• **Problem requirements**
Produce a word-for-word copy of the listing below without its pictures.

• **Information provided**
»»
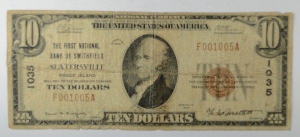 FNB SMITHFIELD SLATERSVILLE RI VG RARE NOTE est $350-$375
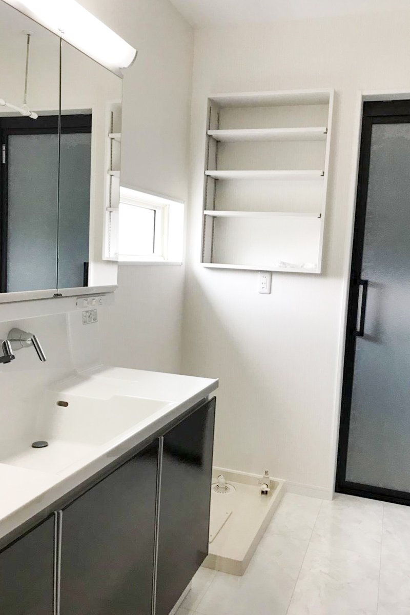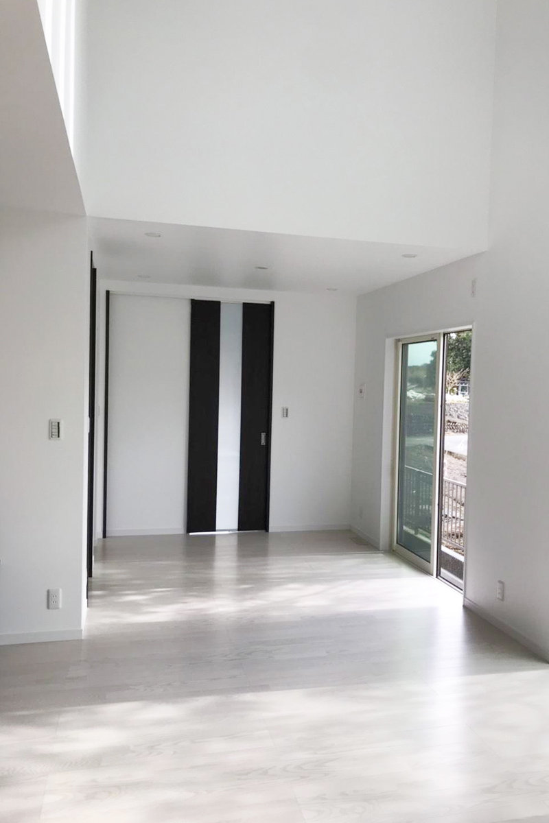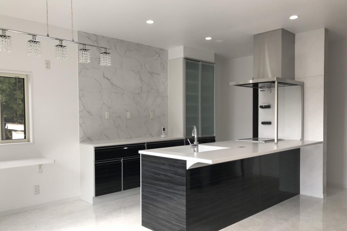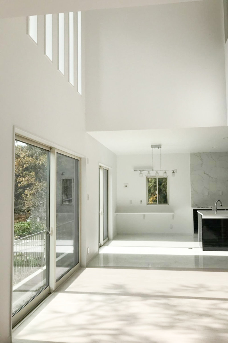 約25帖の広々としたリビングは上部の吹き抜けの採光を取り入れ、明るく開放的な空間に。 フロアタイルとウォルナットブラックの洗練されたキッチンがよりオシャレ感をアップさせています。1Fは収納スペースを十分にとり、家事動線を考えた間取りになりました。
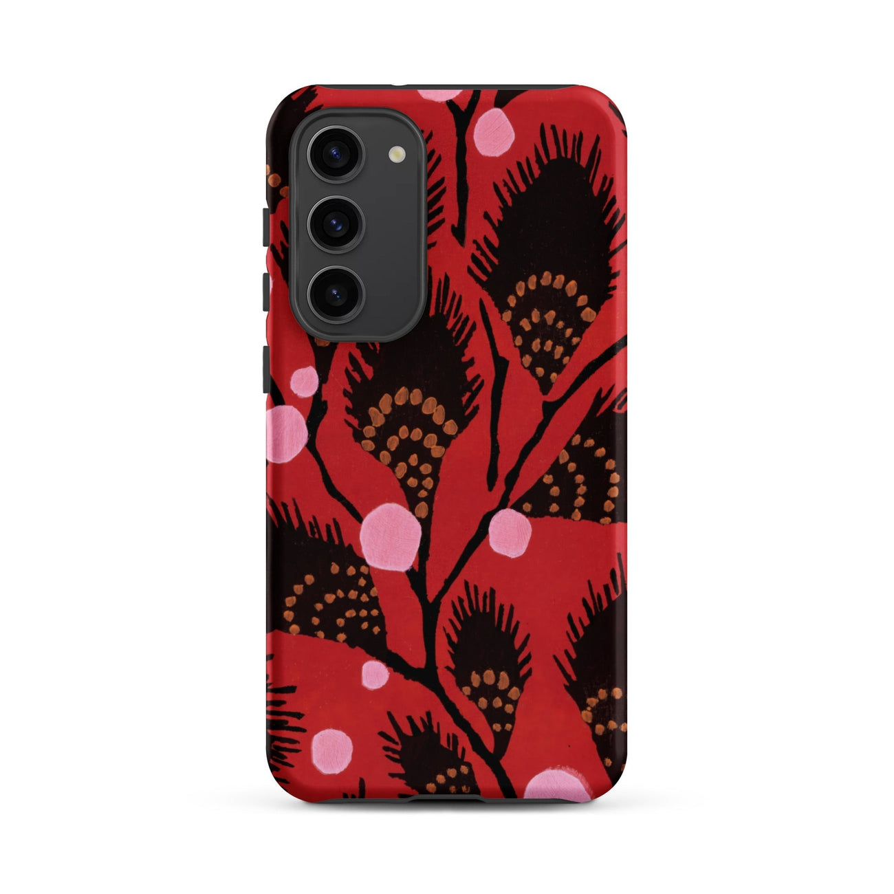 La maîtrise de Seguy de l'impression pochoir—les riches pigments de gouache, les bords pochoirés nets—transforme cet étui Samsung en une tranche portable de l'histoire décorative française. Son design, tiré de son portfolio du début du 20e siècle de motifs exotiques, transforme l'arrière de votre téléphone en un mur de galerie de théorie des couleurs, de patrimoine textile et de précision des arts appliqués. C'est un luxe parisien audacieux rendu en pur motif.
««
• **Your solution**
 FNB SMITHFIELD SLATERSVILLE RI VG RARE NOTE est $350-$375
 約25帖の広々としたリビングは上部の吹き抜けの採光を取り入れ、明るく開放的な空間に。 フロアタイルとウォルナットブラックの洗練されたキッチンがよりオシャレ感をアップさせています。1Fは収納スペースを十分にとり、家事動線を考えた間取りになりました。
 La maîtrise de Seguy de l'impression pochoir—les riches pigments de gouache, les bords pochoirés nets—transforme cet étui Samsung en une tranche portable de l'histoire décorative française. Son design, tiré de son portfolio du début du 20e siècle de motifs exotiques, transforme l'arrière de votre téléphone en un mur de galerie de théorie des couleurs, de patrimoine textile et de précision des arts appliqués. C'est un luxe parisien audacieux rendu en pur motif.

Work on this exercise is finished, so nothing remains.